Training performance tends to be irrelevant. Rank multiple designs using the validation performance. Obtain unbiased estimates of performance on unseen data from the test subset performance on the best ranked designs. You do not need a separate "unseen" test data set. Performance uncertaincies are easy to estimate by designing multiple examples with random data divisions and random initial weights.
3. Why do you have a 60-dim input when you only have 50-2*round(0.15*50) = 34 training examples? At most, they span a 33-D input space.
===========================================================================
You need to get a better feel for your problem. Start simple:
1. How many inputs do you really need? Considering linear models can be very helpful
a. Stepwisefit results tend to be useful for selecting original variables.
b. Plsregress results tend to be useful for selecting linear combinations
c. PCA is not guaranteed to be useful for classification.
2. Back to NNs
a. Use all data for training: divideFcn = 'dividetrain'
b. Otherwise USE ALL DEFAULTS except for a chosen RNG seed so that results can be duplicated.
c. Obtain 10 designs, explicitly calculate class error rates and compare with confusion matrix results
3. Repeat 2 but try to minimize H as much as possible.
4. Using the minimum acceptible value for H, try to reduce the number of inputs.
5. Finally, you can return to the original goal of estimating performance on nondesign test data.
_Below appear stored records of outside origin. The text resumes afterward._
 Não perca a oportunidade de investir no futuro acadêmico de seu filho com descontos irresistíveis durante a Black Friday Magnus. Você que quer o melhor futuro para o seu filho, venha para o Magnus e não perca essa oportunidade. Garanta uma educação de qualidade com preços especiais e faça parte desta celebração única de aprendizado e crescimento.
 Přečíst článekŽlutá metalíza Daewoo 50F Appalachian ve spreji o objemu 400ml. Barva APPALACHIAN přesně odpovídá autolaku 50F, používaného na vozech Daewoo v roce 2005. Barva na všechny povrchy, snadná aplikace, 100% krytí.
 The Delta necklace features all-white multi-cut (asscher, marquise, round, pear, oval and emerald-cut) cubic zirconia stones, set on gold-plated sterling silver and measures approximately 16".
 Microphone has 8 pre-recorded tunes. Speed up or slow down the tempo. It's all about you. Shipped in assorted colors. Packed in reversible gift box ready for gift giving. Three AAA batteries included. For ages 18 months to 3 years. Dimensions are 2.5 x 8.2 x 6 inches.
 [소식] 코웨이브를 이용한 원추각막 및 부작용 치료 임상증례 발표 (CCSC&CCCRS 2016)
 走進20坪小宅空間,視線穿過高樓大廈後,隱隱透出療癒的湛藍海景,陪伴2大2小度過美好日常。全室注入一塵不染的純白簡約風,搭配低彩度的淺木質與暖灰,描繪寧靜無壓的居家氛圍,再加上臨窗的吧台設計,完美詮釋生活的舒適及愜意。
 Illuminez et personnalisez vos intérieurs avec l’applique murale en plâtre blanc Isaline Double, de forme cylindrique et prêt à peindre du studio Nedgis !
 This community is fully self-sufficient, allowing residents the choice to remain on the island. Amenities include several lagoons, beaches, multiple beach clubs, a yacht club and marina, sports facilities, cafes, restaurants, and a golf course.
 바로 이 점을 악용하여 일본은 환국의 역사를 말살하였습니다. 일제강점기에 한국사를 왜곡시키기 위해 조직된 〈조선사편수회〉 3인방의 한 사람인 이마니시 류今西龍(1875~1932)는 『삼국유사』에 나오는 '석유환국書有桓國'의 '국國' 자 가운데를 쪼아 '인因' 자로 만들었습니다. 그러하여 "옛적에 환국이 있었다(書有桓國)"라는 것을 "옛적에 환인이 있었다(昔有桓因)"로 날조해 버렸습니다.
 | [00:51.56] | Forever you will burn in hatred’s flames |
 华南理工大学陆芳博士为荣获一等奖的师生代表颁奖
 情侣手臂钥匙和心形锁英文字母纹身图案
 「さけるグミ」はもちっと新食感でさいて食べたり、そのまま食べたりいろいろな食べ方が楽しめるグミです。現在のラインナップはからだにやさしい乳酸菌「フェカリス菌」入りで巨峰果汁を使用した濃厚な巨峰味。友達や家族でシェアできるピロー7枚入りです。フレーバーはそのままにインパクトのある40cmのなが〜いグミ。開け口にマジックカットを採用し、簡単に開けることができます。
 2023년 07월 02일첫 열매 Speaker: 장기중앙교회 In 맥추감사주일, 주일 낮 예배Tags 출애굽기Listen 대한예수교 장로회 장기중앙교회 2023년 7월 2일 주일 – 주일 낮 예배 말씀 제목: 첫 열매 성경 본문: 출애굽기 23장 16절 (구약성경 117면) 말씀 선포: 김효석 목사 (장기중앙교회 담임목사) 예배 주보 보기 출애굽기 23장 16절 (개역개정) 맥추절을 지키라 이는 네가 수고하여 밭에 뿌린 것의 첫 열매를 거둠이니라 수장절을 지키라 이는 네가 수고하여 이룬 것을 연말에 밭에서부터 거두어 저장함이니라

Confidence limits can be deduced from multiple designs with random data divisions and random initial weights.
Hope this helps.
Greg
PS Sorry my original response is still unavailable. Maybe tomorrow.
  4 Comments
Greg Heath
Greg Heath on 26 May 2014
I think there is a misunderstanding. With 'dividetrain' all of the data is used for training and max_fail is irrelevant. The purpose of this excercise is to
1. Make sure that the data is consistent
2. Find the minimimum no. of hidden nodes that are necessary.
For unbiased estimates of performance on nontraining data. Design multiple nets with different random initial weights. The multiplicity allows the estimation of confidence intervals.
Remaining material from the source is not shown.